ASSIGNMENT -
Could you output exactly the lines running from the one containing "Томат Гном Щедрость" to the final line of the listing below, leaving out pictures?

PROVIDED MATERIAL -
Content starts
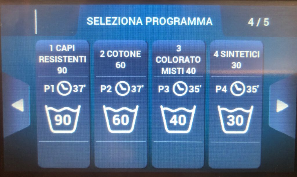 Le lavatrici sono di ultima generazione, governate da inverter elettronico attivo per un utilizzo efficiente dell’energia e dispongono di schermo a sfioramento (touch screen) per la scelta dei programmi e l’avviamento.
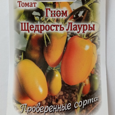 Томат Гном Щедрость Лауры – это коллекционный сорт. Крупные агрофирмы России семена этого сорта не выпускают. У нас на ТоматыПомидоры семена этого томата из частной коллекции. Упаковка зип пакет.
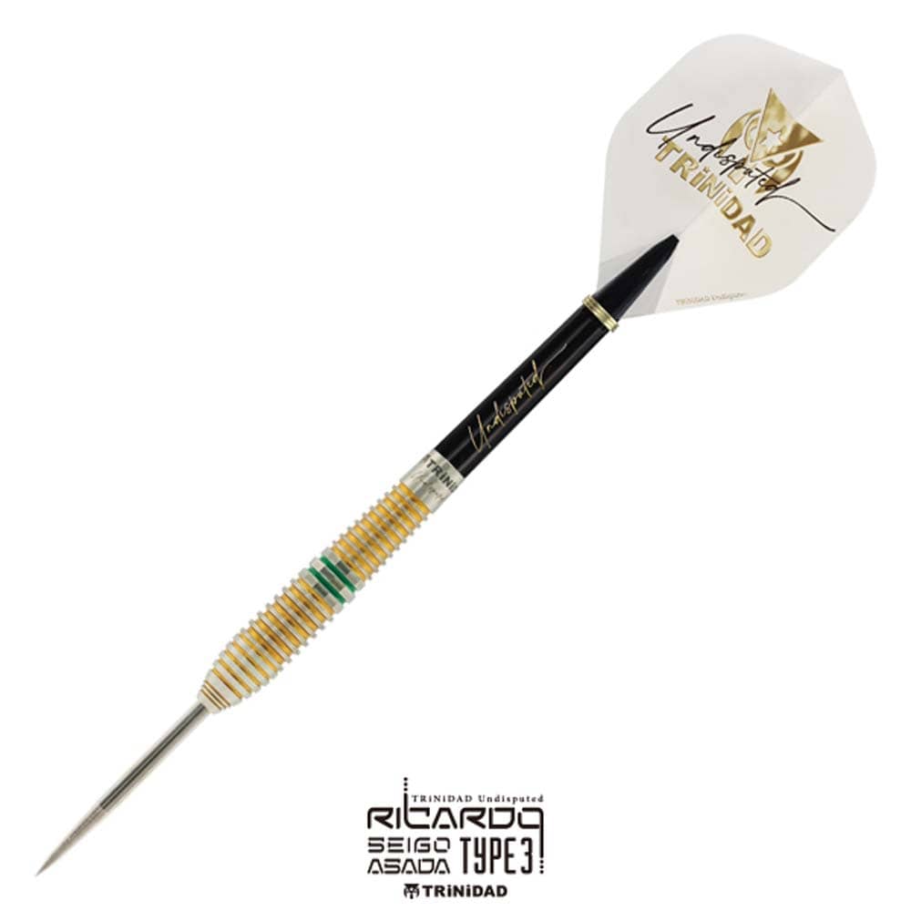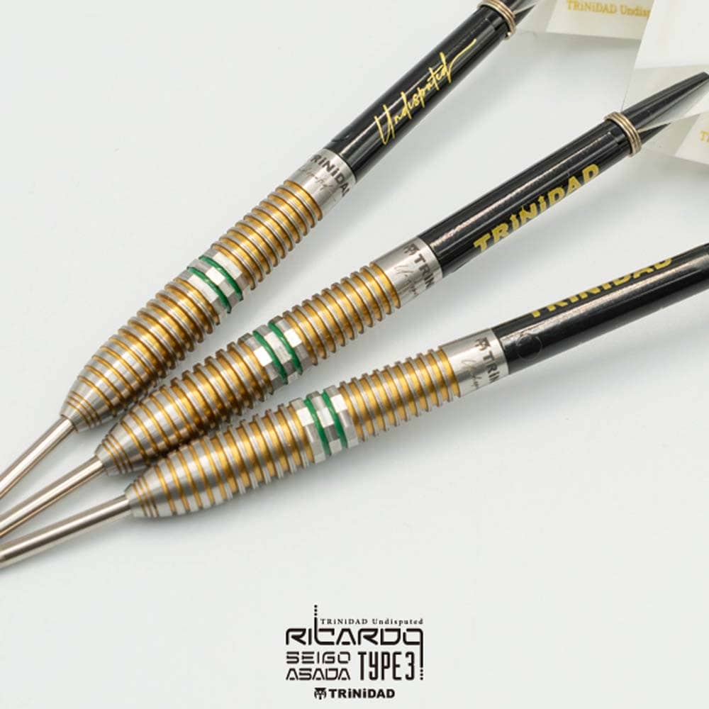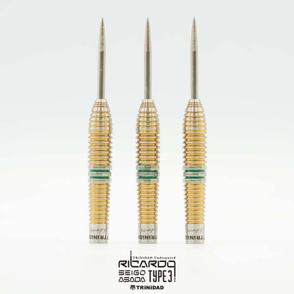 El juego de dardos Trinidad Ricardo Type 3 se compone por 1 set de 3 cuerpos con punta de metal, 1 set de 3 plumas Trinidad y 1 set de cañas Trinidad.
Content ends
RESULT -
 Томат Гном Щедрость Лауры – это коллекционный сорт. Крупные агрофирмы России семена этого сорта не выпускают. У нас на ТоматыПомидоры семена этого томата из частной коллекции. Упаковка зип пакет.
 El juego de dardos Trinidad Ricardo Type 3 se compone por 1 set de 3 cuerpos con punta de metal, 1 set de 3 plumas Trinidad y 1 set de cañas Trinidad.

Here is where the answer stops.